# Client table

In [None]:
import pandas as pd
import matplotlib.pyplot as plt
%matplotlib inline
import pprint
import missingno as msno
from helper_functions import open_table_list_columns, groupby_percent, groupby_plotsize
import os
DATADIR = os.getenv('DATADIR')

## Read in data 

In [None]:
client = open_table_list_columns(DATADIR, 'Client')

In [None]:
print("There are {} rows in client and {} unique clients (Serial).\nTherefore is {} that rows uniquely identify clients".format(client.shape[0], client.Serial.nunique(), (client.shape[0]==client.Serial.nunique())))

## Explore missing

In [None]:
msno.heatmap(client)

In [None]:
msno.matrix(client.sample(250))

In [None]:
msno.dendrogram(client, orientation='left')

### Status

In [None]:
groupby_plotsize(client, 'Status')

In [None]:
groupby_percent(client, 'Status', "Serial")

### Services

In [None]:
print("There are {} services in Addaction".format(len(client.groupby('Service'))))

In [None]:
print("There are {} project codes in Addaction".format(len(client.groupby('ProjectCode'))))

### Gender
Although be wary of this as the coding for M and F switched fomr 0 to 1 at some point!

In [None]:
groupby_plotsize(client, 'Gender')

In [None]:
groupby_percent(client, 'Gender', "Serial")

### Relationship status

In [None]:
groupby_plotsize(client, 'RelationshipStatus')

In [None]:
groupby_percent(client, 'RelationshipStatus', 'Serial')

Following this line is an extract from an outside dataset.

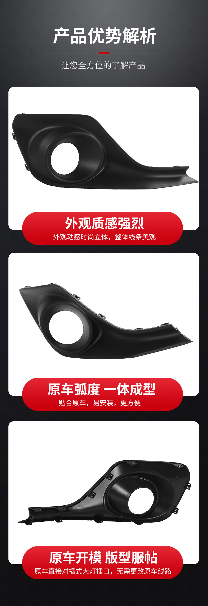 - Serves as a protective housing and aesthetic enhancement for the front bumper fog lamp area against road debris.

Are these categoires mutually exclusive?

In [None]:
client.groupby('RelationshipStatus').size().sum()

In [None]:
print("There are {} clients with more than 1 relationship status".format(sum(client.groupby(['Serial','RelationshipStatus']).size().groupby(level='Serial').sum()>1)))

### Ethnicity

These could be collapsed for modelling. What about?:
- Married/Civil Partnership + Married + Civil Partnership + Cohabiting + With Partner
- Single + Separated + Divorced + Widowed + Separated or Divorced + Never Married
- Not known + missing

ONS uses: 
Marital status indicates whether a person is legally married or not. This publication uses five categories of legal marital status: 
- single, never married or civil partnered

- married, including separated (this category includes those in both opposite-sex and same-sex marriages)

- civil partnered, including separated

- divorced, including legally dissolved civil partners

- widowed, including surviving civil partners

In [None]:
groupby_plotsize(client, 'Ethnic_Origin')

In [None]:
groupby_percent(client, 'Ethnic_Origin', 'Serial')

These need to be collapsed. How about:

- White British + White British (English) + White British (Scottish) + Other White + White: Polish + White irish + White British (N.Irish) + White British (Welsh) + White: Gypsy / Traveller
- Other black + Caribbean + African + Black Back Scottish or Black British + African Carribean or Black: Black Black Scottish
- White & Black Caribbean + White & Black Afircan + Other mixed + White and Asian
- Other Asian + Indian + Pakistani + Bangladeshi + Chinese
- Other + Other ethnic group: Arab


ONS uses different for England/Wales/Scotland/NI. Here's England: 
What is your ethnic group?

Choose one option that best describes your ethnic group or background

White

1. English/Welsh/Scottish/Northern Irish/British
2. Irish
3. Gypsy or Irish Traveller
4. Any other White background, please describe

Mixed/Multiple ethnic groups

5. White and Black Caribbean
6. White and Black African
7. White and Asian
8. Any other Mixed/Multiple ethnic background, please describe

Asian/Asian British

9. Indian
10. Pakistani
11. Bangladeshi
12. Chinese
13. Any other Asian background, please describe

Black/ African/Caribbean/Black British

14. African
15. Caribbean
16. Any other Black/African/Caribbean background, please describe

Other ethnic group

17. Arab
18. Any other ethnic group, please describe

### Other variables

In [None]:
groupby_plotsize(client, 'Religion')

In [None]:
groupby_plotsize(client, 'Sexuality')

In [None]:
groupby_plotsize(client, 'NoFixedAbode')

In [None]:
groupby_plotsize(client, 'Alert')

In [None]:
groupby_plotsize(client, 'Scrip_Index')

In [None]:
client.CaseNumber.nunique()

Still haven;t looked at:
- CurrentEpisode',
- 'ProjectCode',
- 'Alert',
- 'CurrentKeyworker',
- 'CaseNumber',
- 'Office'